#### [Assignment]
In the records below, find the line with "7月23日,中南勘察設計院集", then copy each line exactly until you have copied the line with "- Sign(通常盤)/発売日:2010/01/13 |". Leave any picture out.

(Collected data entries)
◇ ◇ ◇ ◇ ◇
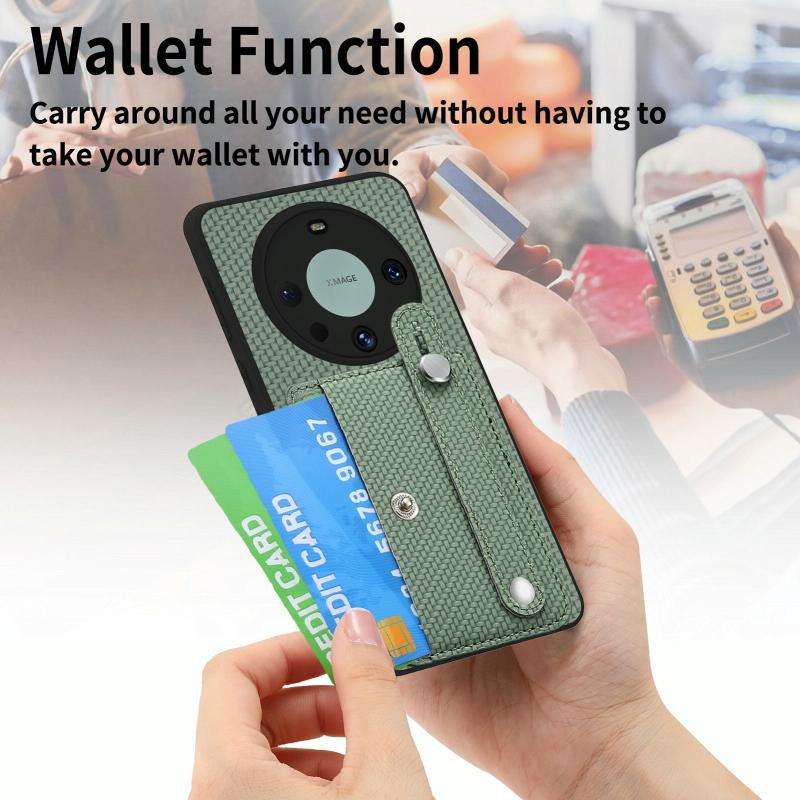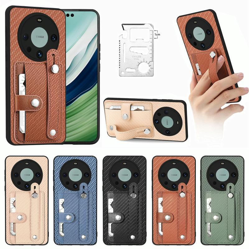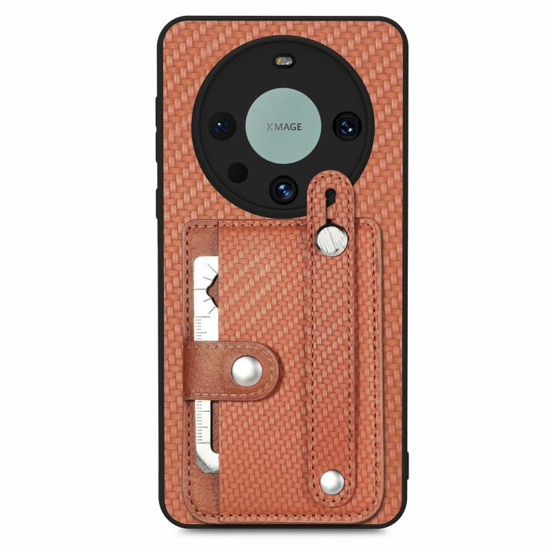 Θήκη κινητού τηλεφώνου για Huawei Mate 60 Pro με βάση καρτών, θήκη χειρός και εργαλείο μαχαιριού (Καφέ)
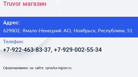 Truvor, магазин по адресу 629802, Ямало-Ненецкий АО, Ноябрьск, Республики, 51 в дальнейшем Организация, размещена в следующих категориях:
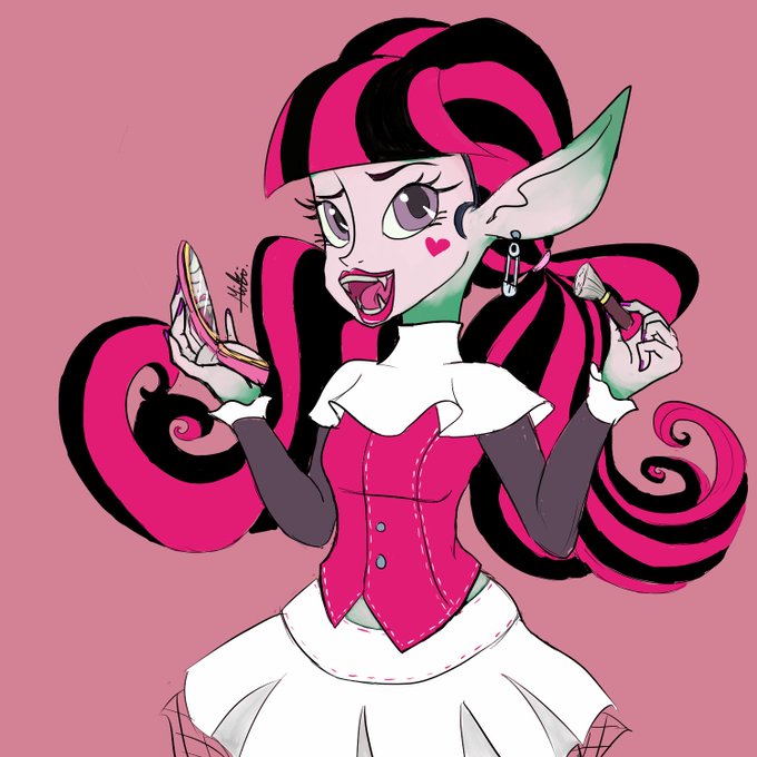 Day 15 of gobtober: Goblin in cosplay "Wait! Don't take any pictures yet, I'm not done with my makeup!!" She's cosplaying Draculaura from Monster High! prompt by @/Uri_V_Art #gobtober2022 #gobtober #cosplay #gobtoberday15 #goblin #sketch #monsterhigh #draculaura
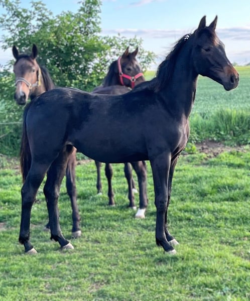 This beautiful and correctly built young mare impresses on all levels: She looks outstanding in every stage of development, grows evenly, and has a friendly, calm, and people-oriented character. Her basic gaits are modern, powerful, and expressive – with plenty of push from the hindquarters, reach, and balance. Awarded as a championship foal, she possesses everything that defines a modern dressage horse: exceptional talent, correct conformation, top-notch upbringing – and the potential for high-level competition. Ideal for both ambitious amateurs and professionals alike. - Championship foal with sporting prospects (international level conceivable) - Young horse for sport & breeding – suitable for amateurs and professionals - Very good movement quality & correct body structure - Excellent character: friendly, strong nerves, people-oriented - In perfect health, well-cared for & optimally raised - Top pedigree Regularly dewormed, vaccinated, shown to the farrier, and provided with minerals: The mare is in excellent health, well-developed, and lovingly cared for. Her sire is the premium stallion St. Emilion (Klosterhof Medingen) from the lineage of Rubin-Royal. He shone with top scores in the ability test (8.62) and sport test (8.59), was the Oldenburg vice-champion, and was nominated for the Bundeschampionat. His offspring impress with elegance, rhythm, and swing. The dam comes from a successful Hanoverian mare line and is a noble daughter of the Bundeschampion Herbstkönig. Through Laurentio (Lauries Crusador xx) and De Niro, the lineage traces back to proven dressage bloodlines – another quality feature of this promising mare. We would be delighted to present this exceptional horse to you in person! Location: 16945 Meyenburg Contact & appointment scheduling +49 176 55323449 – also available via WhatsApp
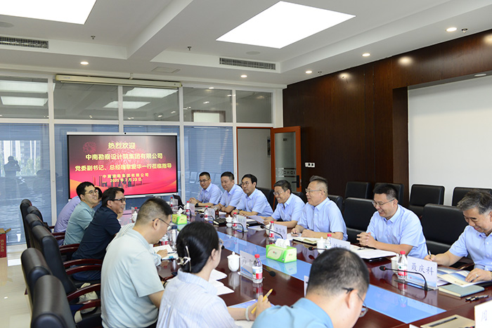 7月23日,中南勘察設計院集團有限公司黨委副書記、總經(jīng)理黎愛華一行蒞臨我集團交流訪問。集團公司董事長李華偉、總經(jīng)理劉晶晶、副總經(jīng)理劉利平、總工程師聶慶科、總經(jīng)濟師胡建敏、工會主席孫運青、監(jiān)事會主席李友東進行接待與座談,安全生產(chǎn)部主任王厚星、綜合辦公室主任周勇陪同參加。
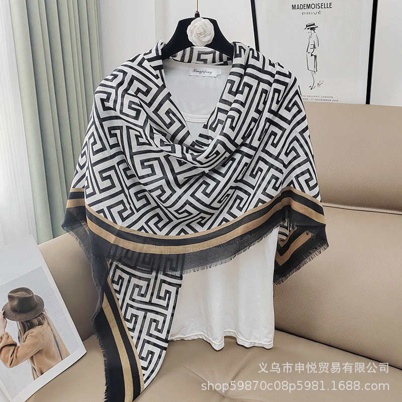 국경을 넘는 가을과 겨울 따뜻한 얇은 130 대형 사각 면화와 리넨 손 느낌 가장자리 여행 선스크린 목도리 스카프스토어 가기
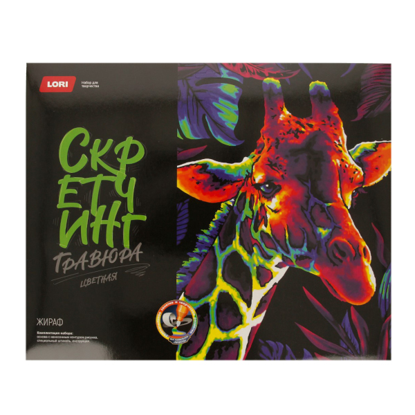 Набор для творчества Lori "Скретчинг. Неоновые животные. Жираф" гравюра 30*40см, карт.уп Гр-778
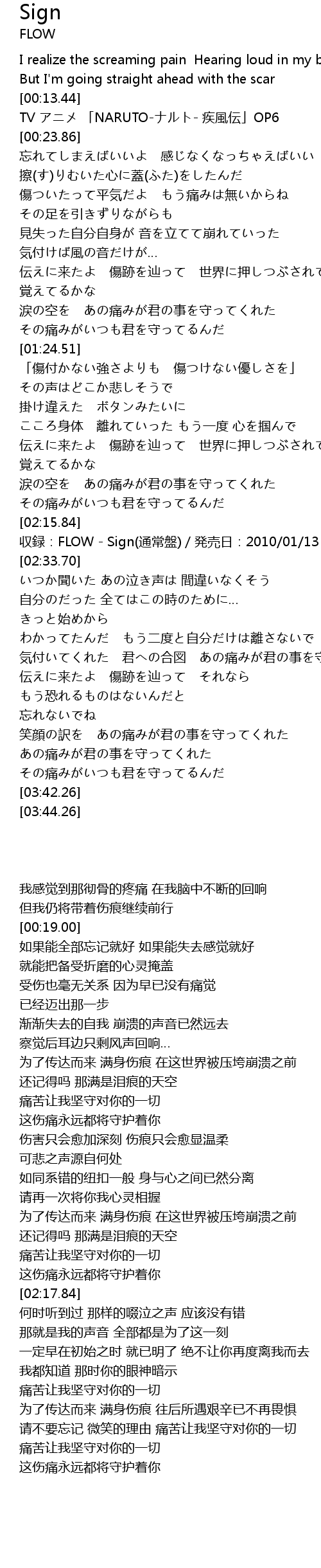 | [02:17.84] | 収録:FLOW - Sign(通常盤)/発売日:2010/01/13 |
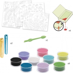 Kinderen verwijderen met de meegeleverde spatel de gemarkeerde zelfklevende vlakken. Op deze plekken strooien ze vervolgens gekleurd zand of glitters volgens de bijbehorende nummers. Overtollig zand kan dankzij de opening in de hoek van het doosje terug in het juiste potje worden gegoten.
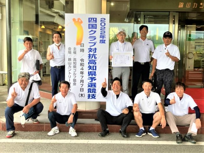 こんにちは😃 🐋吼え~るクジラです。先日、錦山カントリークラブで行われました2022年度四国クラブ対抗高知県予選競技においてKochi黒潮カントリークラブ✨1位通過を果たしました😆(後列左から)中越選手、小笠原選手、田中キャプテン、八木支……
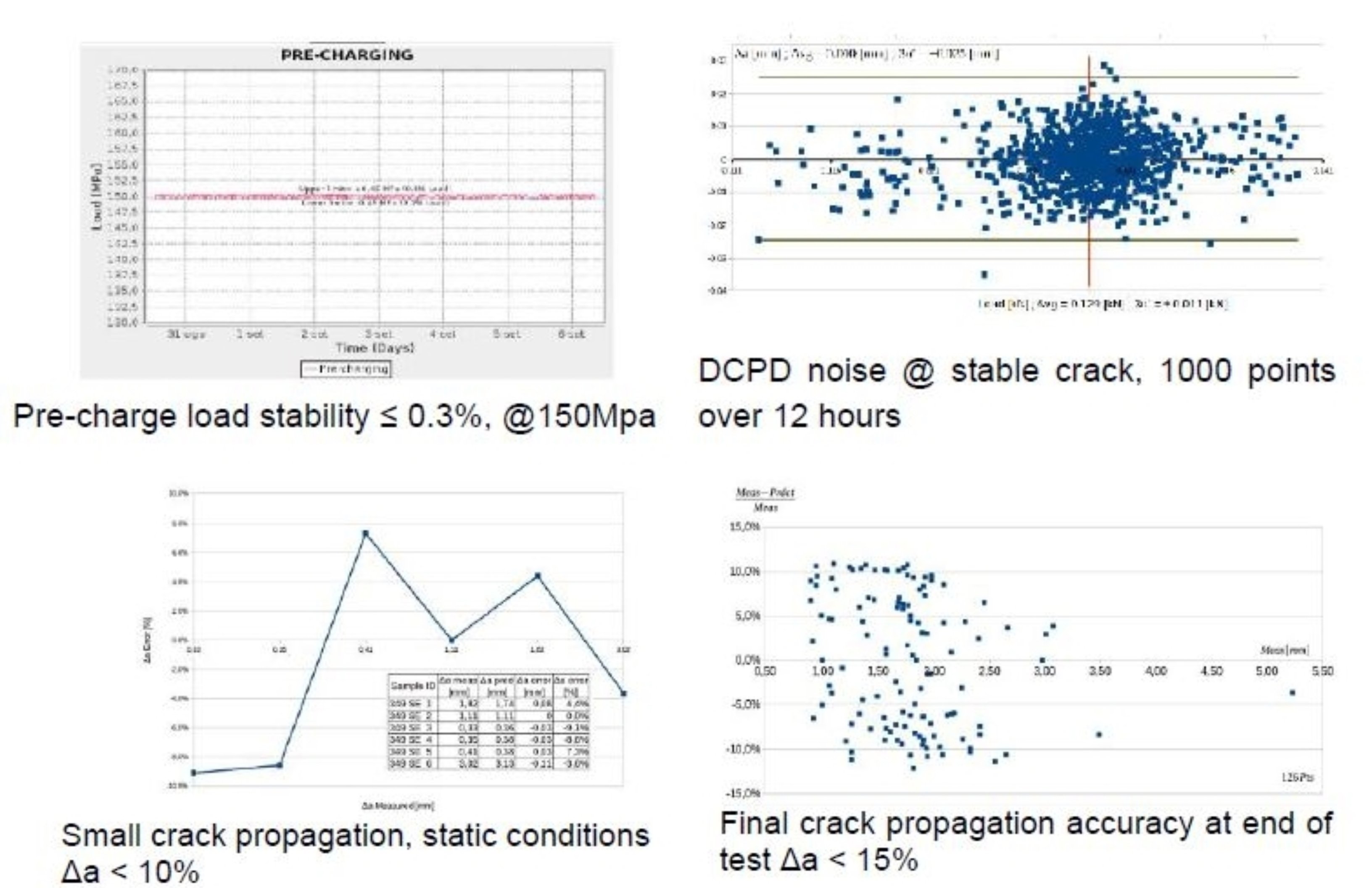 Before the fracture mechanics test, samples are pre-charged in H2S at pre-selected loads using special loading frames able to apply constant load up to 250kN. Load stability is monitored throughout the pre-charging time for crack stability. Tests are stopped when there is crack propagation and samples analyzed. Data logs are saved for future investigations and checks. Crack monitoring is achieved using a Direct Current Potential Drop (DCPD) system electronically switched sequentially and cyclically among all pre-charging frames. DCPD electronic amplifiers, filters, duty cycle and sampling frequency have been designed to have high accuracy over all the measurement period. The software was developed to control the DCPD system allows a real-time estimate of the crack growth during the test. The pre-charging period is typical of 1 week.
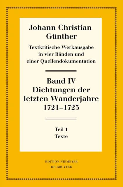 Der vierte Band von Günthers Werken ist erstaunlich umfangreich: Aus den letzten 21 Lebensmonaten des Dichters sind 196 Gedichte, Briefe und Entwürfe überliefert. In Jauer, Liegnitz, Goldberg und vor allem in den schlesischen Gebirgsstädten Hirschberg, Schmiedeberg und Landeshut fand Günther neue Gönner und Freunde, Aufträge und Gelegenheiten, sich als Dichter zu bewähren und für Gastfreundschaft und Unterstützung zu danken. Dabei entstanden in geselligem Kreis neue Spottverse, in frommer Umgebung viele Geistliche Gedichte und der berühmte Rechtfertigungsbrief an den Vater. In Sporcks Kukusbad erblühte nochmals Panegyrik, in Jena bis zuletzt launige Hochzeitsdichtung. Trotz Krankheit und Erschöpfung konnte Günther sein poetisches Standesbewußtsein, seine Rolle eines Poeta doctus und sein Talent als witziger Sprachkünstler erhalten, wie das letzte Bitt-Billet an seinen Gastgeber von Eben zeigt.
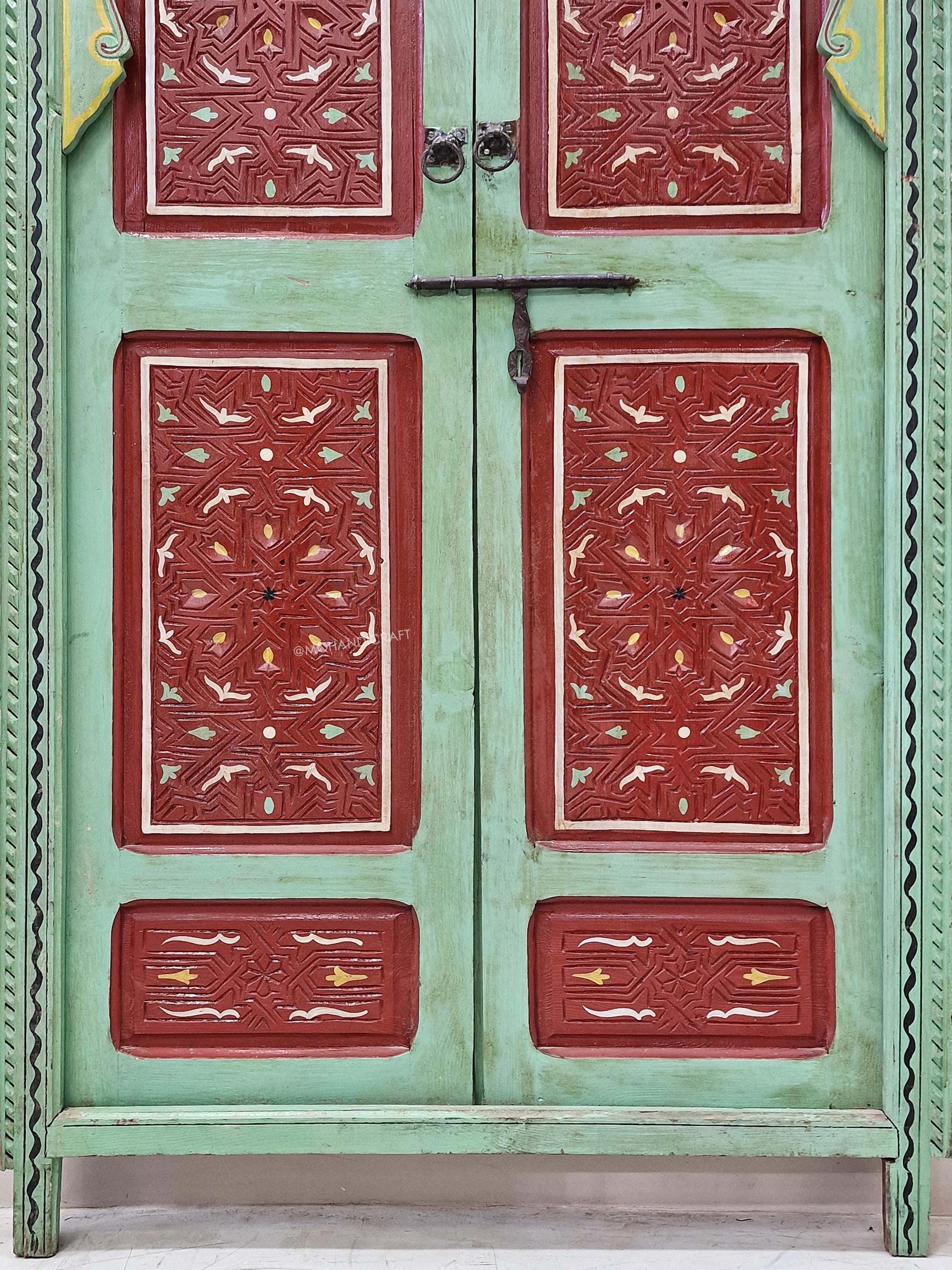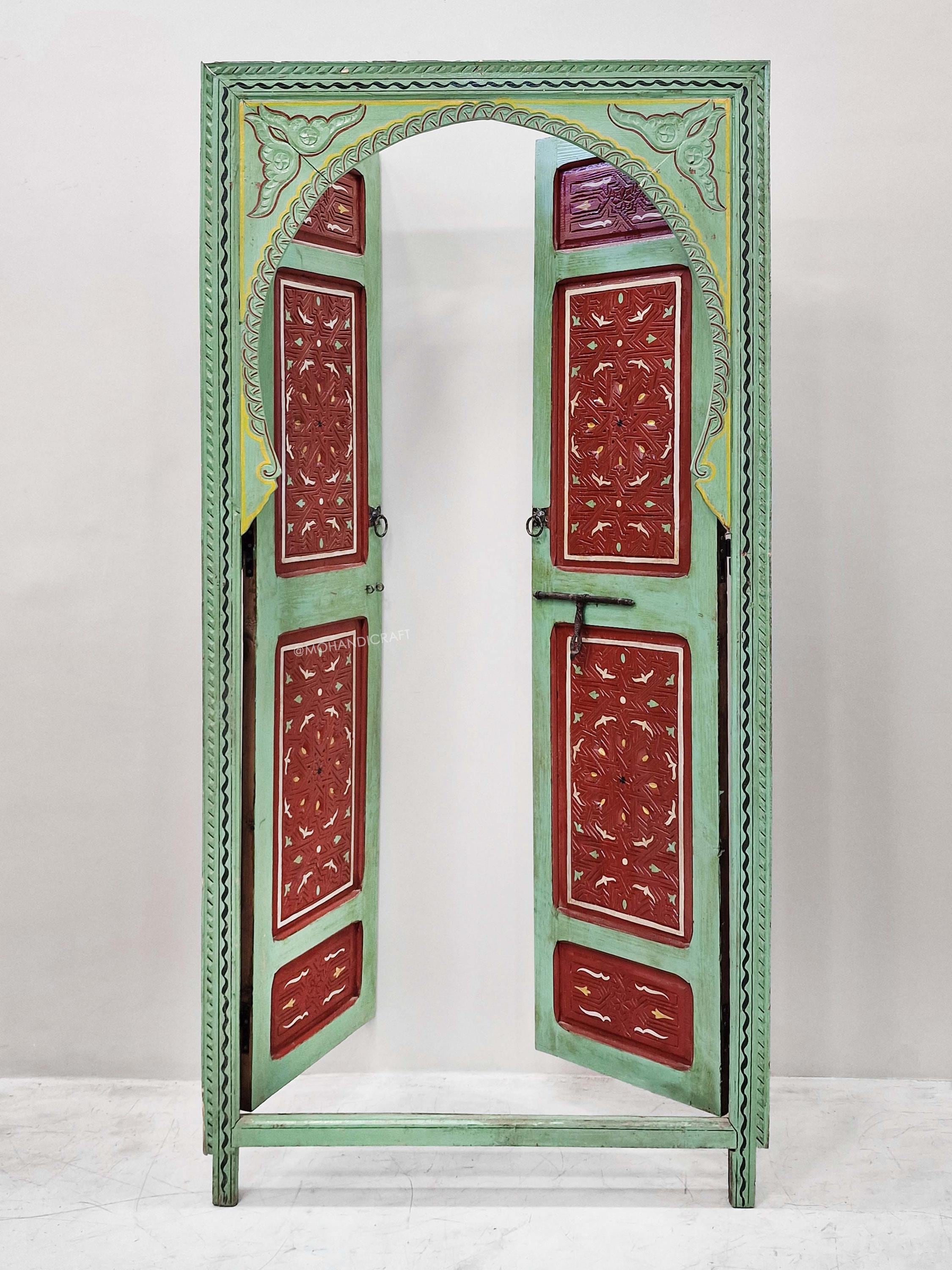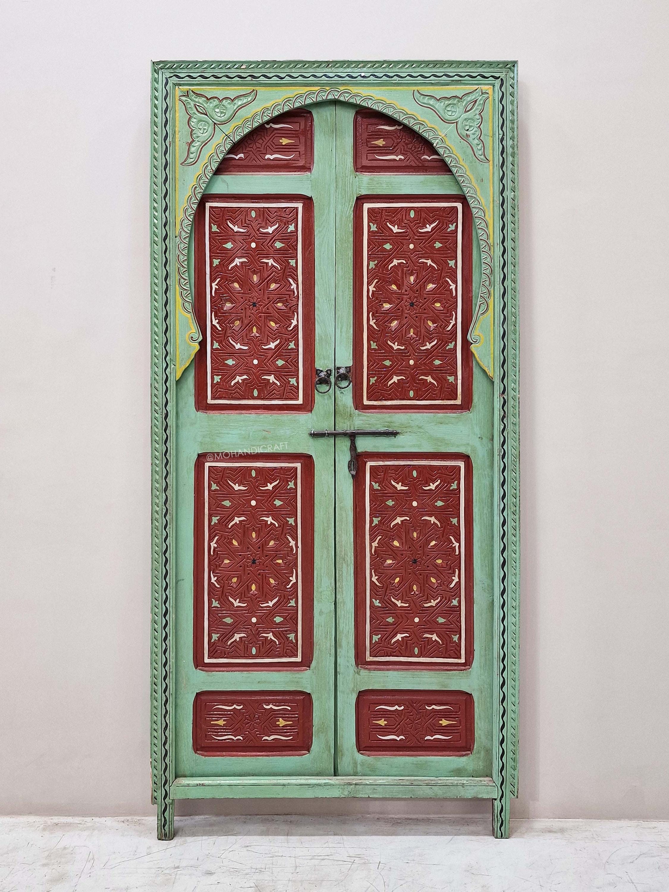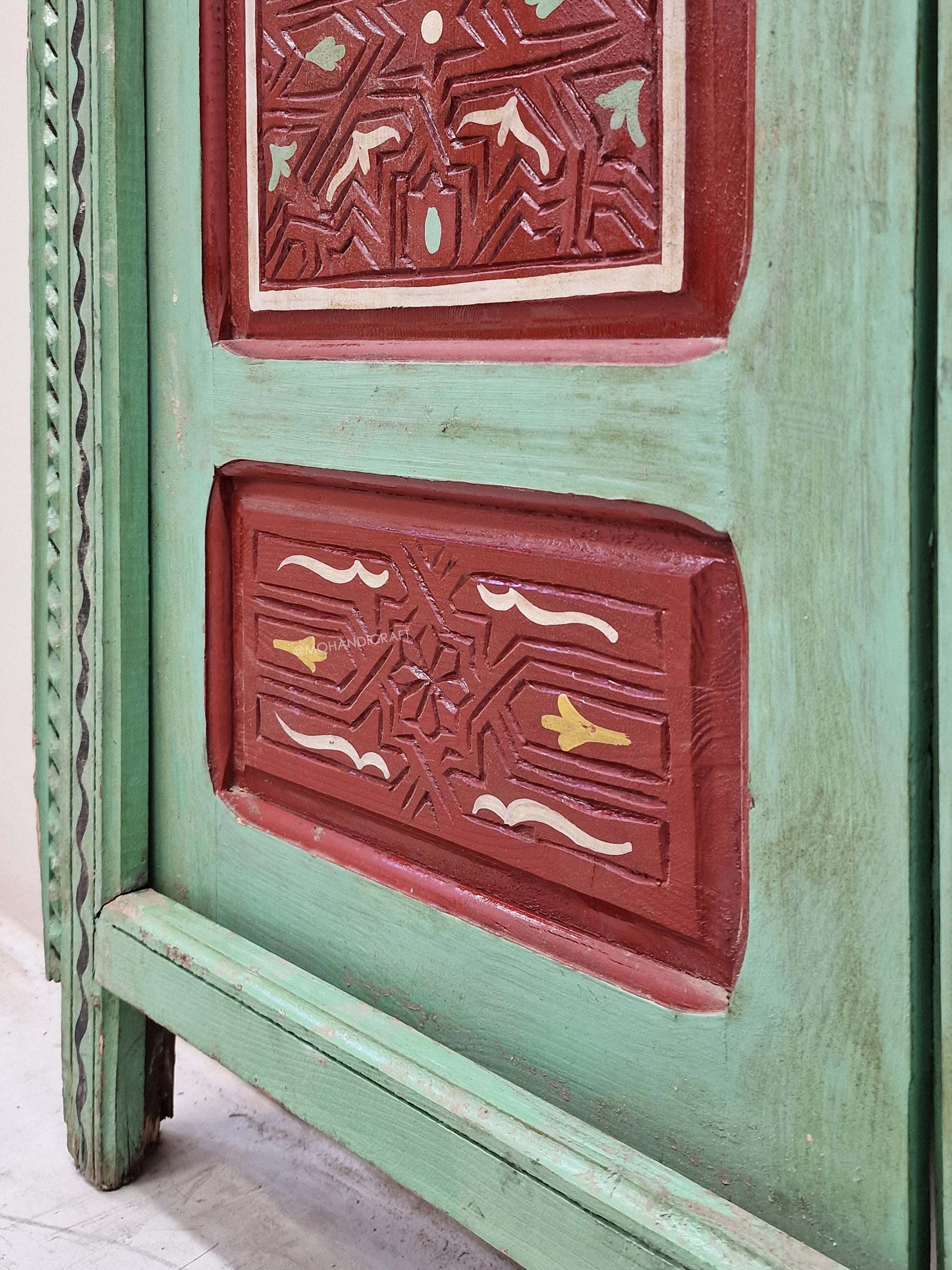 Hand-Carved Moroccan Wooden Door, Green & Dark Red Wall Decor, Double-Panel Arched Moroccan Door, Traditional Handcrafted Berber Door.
◇ ◇ ◇ ◇ ◇
#### [Output for this exercise]
 7月23日,中南勘察設計院集團有限公司黨委副書記、總經(jīng)理黎愛華一行蒞臨我集團交流訪問。集團公司董事長李華偉、總經(jīng)理劉晶晶、副總經(jīng)理劉利平、總工程師聶慶科、總經(jīng)濟師胡建敏、工會主席孫運青、監(jiān)事會主席李友東進行接待與座談,安全生產(chǎn)部主任王厚星、綜合辦公室主任周勇陪同參加。
 국경을 넘는 가을과 겨울 따뜻한 얇은 130 대형 사각 면화와 리넨 손 느낌 가장자리 여행 선스크린 목도리 스카프스토어 가기
 Набор для творчества Lori "Скретчинг. Неоновые животные. Жираф" гравюра 30*40см, карт.уп Гр-778
 | [02:17.84] | 収録:FLOW - Sign(通常盤)/発売日:2010/01/13 |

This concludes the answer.